C'est dans ces moments là que toutes les fatigues, les suées, les plaintes et les questions s'effacent d'un seul coup. Se retrouver sur un sommet seuls comme dans un espace immatériel, contempler les sommets, entendre les hirondelles fendre l'air, observer un vautour passer au dessus de nous? Ces moments n'ont pas de prix ou plutôt sont la récompense sublime de l'effort et seuls les gens qui pratiquent la montagne savent de quoi je parle.

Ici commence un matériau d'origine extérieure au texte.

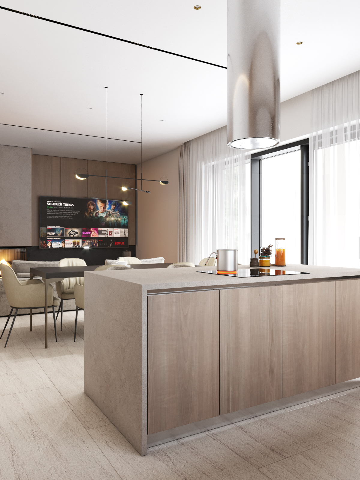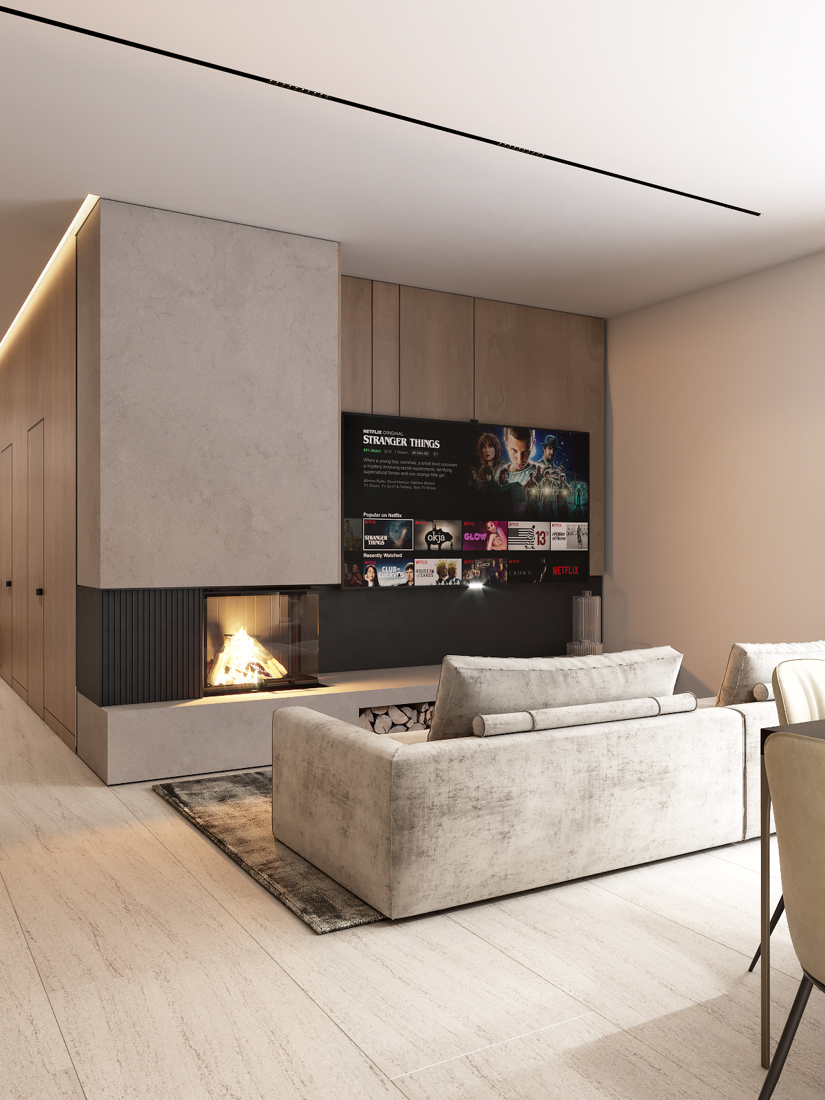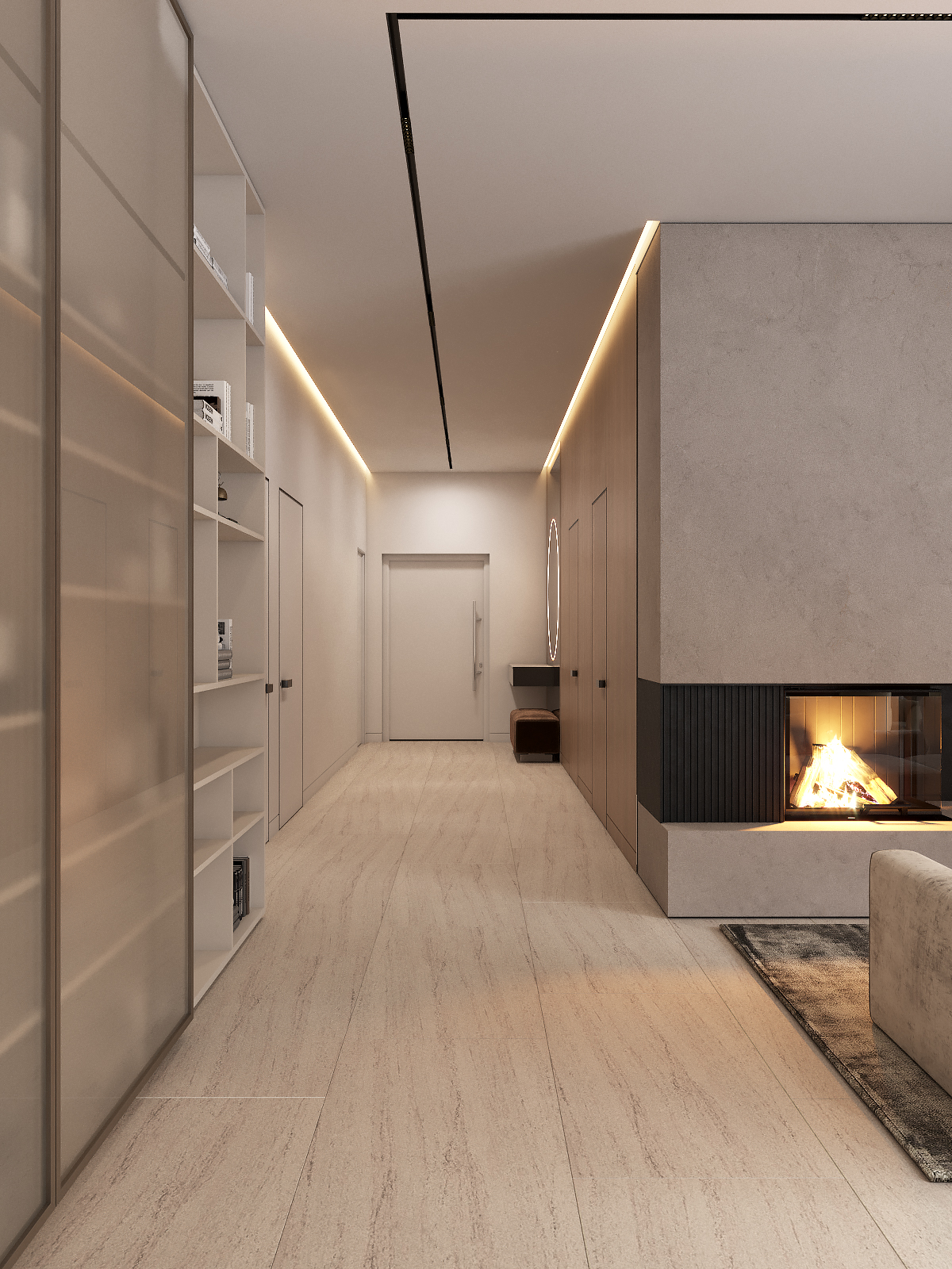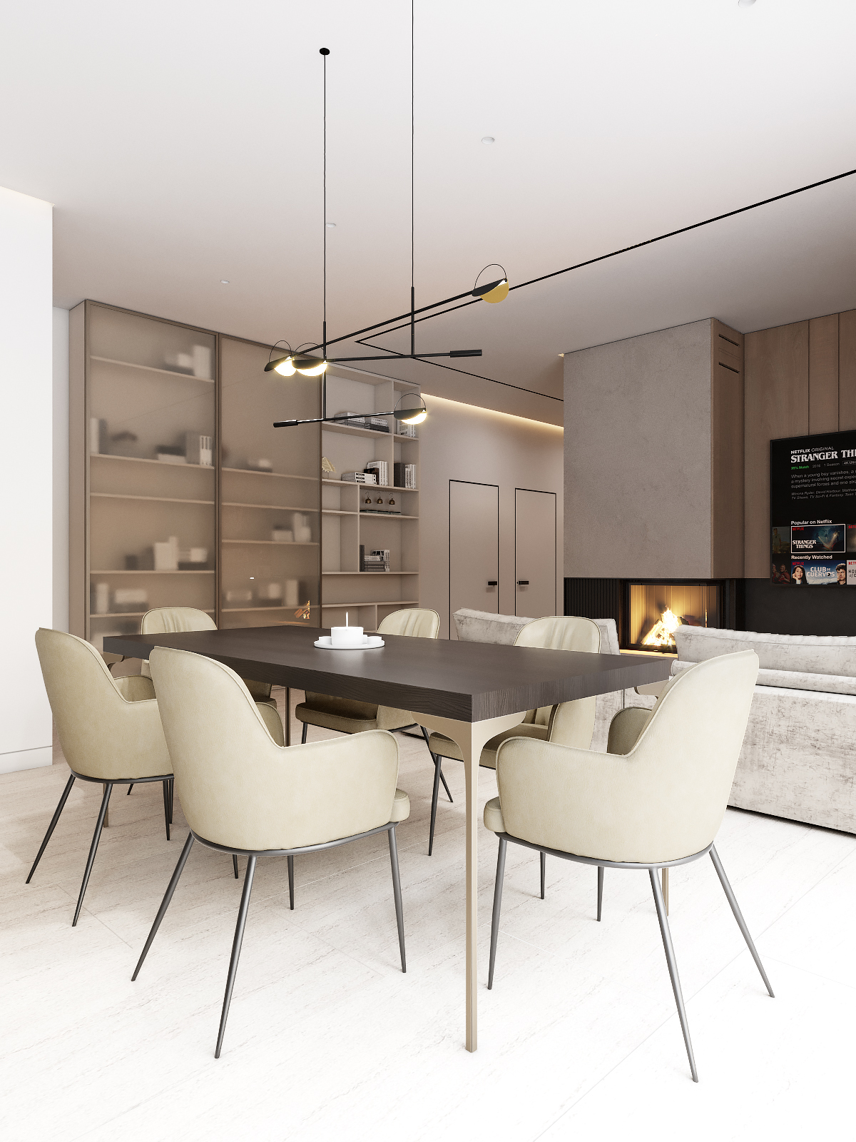 ДИЗАЙН ВІТАЛЬНІ З КАМІНОМ У ЗАМІСЬКОМУ БУДИНКУ У С. НОВОСІЛКИ В КИЇВСЬКІЙ ОБЛАСТІ

Nous redescendons le coeur léger et les batteries rechargées à bloc !!!!!!

( le Pique d'Aumale)
(les étangs de Bassiès sous le soleil)
Vendredi 01/07; dernier jour de marche. Encore un peu de brume au réveil. Un premier col qui surplombe les étangs puis c'est le Port de Salex qui fait la jonction Aulus/Auzat. Vallée pastorale où les sonnailles résonnent de partout accompagnées par les cris des bergers; le vocabulaire est succinct mais se veut efficace. La forme bien spécifique des pentes dessine l'ancienne vallée glaciaire. Au port, nous décidons de grimper le Mont Ceint, petite et dernière bosse à 2088m. A son sommet, une plaque rappelle l'histoire de Jean-Marie, berger sur ce lieu à 14 ans et qui informait les résistants des mouvement allemands. Il y est revenu à 82 ans pour se souvenir.

vue de la vallée du port de Salex
Redescente par une belle arête en arc de cercle, facile à part une petit pas de désescalade. Nous retrouvons le GR10 et 1h 1/2 après, nous sommes à Aulus les Bains, fin de notre rando pyrénéenne de cette année. Nous repartirons donc d'ici en 2012 pour continuer cette traversée.